Received for publication July 25, 2007; accepted for publication August 7, 2007. * Address for reprints: William J. Brawn, FRCS, FRACS, Consultant Cardiothoracic Surgeon, Department of Cardiothoracic Surgery, Birmingham Childrens Hospital, Steelhouse Lane, Birmingham B4 6NH, United Kingdom. (Email: william.brawn@bch.nhs.uk).

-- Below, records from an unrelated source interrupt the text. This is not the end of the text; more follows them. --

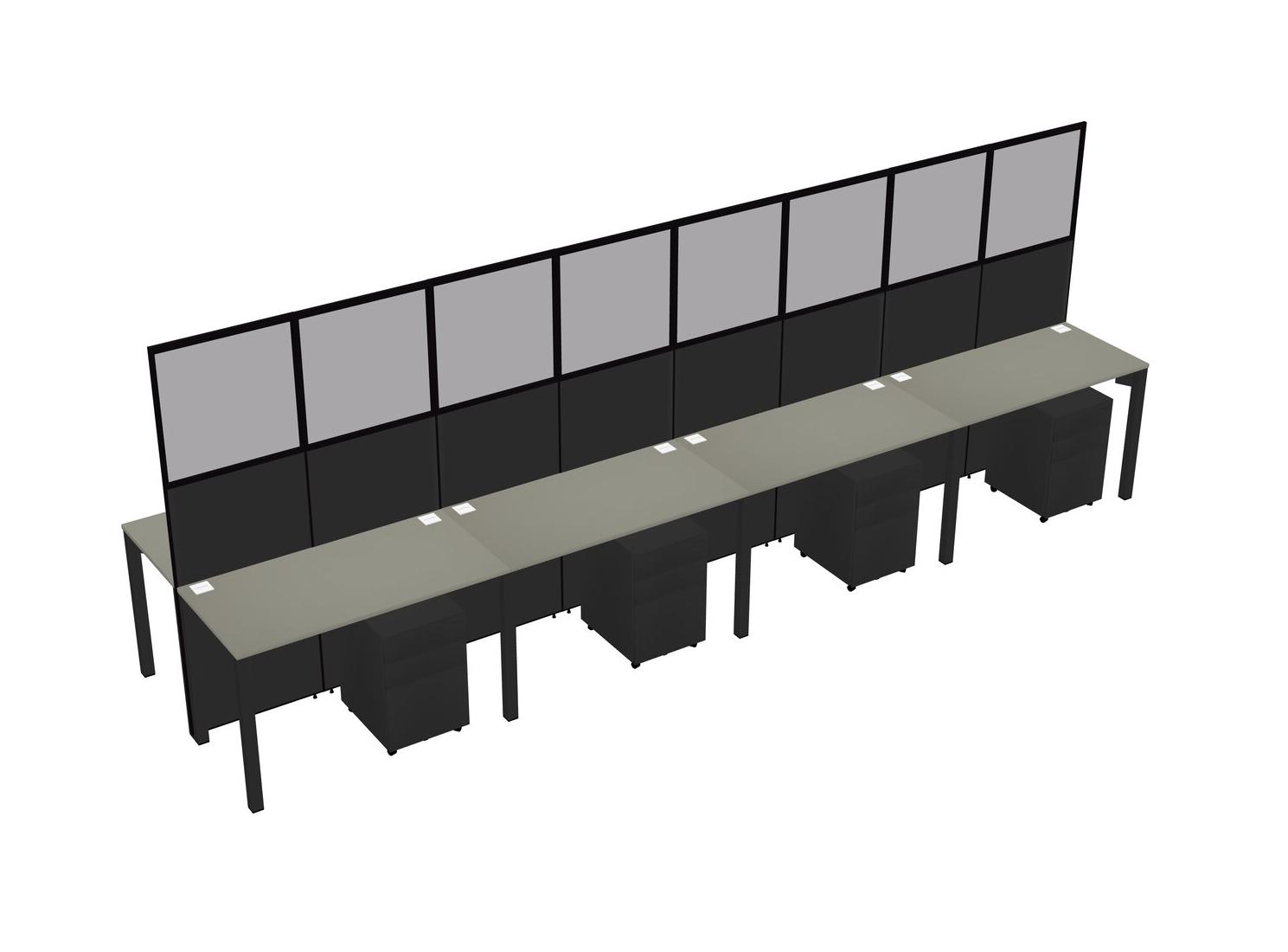 Grey Shadows Shared Rectangular Office Cubicle Panel System With Mobile Drawers For 8 Persons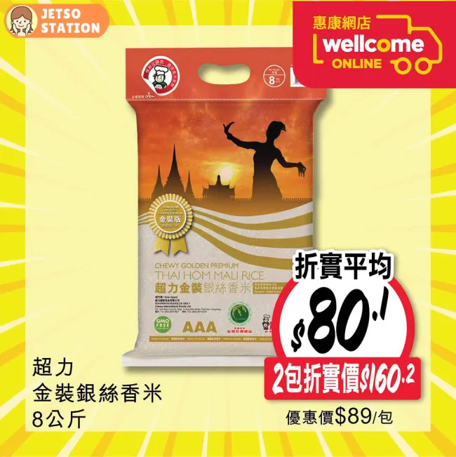 – 超力 金裝銀絲香米 8公斤 → 2包折實$160.2,平均$80.1/包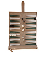 Throwing Doubles Tulum Travel Backgammon Board in Green, White, & Beige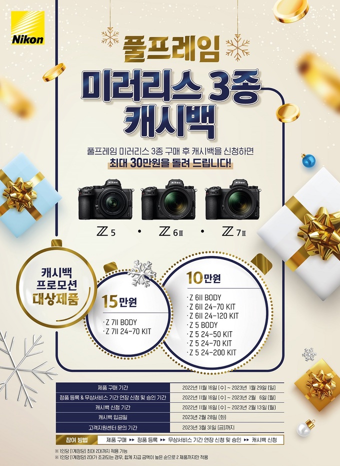 이번 행사는 니콘 인기 미러리스 Z 5, Z 6Ⅱ, Z 7Ⅱ를 대상으로 10만원부터 최대 30만원까지 캐시백 혜택을 제공하는 형식이다. 카메라 바디 단품을 포함해 Z 5 24-50 KIT, 24-70 KIT, 24-200 KIT, Z 6Ⅱ 24-70 KIT, 24-120 KIT, Z 7Ⅱ24-70 등 총 9종이 대상이다.

| The first 20% of the full text of this article appears below. |
Occlusion of the left coronary ostium by an aortic valve leaflet is a rare but well-described variant of aortic valve morphology. We report this finding in a neonate with a number of cardiac abnormalities, substantiating the theory that it is a congenital abnormality of aortic valve development.
Clinical Summary
A 3-day-old boy who weighed 2.7 kg presented with poor feeding and lethargy after an uneventful normal vaginal delivery at term. Examination revealed tachypnea, poor peripheral pulses, and a systolic murmur. An echocardiogram revealed normal atrial arrangement, atrial septal defect with bidirectional flow, muscular outlet ventricular septal defect, subaortic stenosis (left ventricular outflow tract diameter of 4 mm), dysplastic stenotic aortic valve with a maximum root diameter of 4.8 mm (Figure 1), type A interrupted aortic arch, moderate-sized ductus arteriosus, and normal-volume left ventricle with impaired systolic function. After stabilization with prostaglandin E2 (7.5 ng/kg/min) and dobutamine (5 µg/kg/min), surgery was undertaken at 9 days.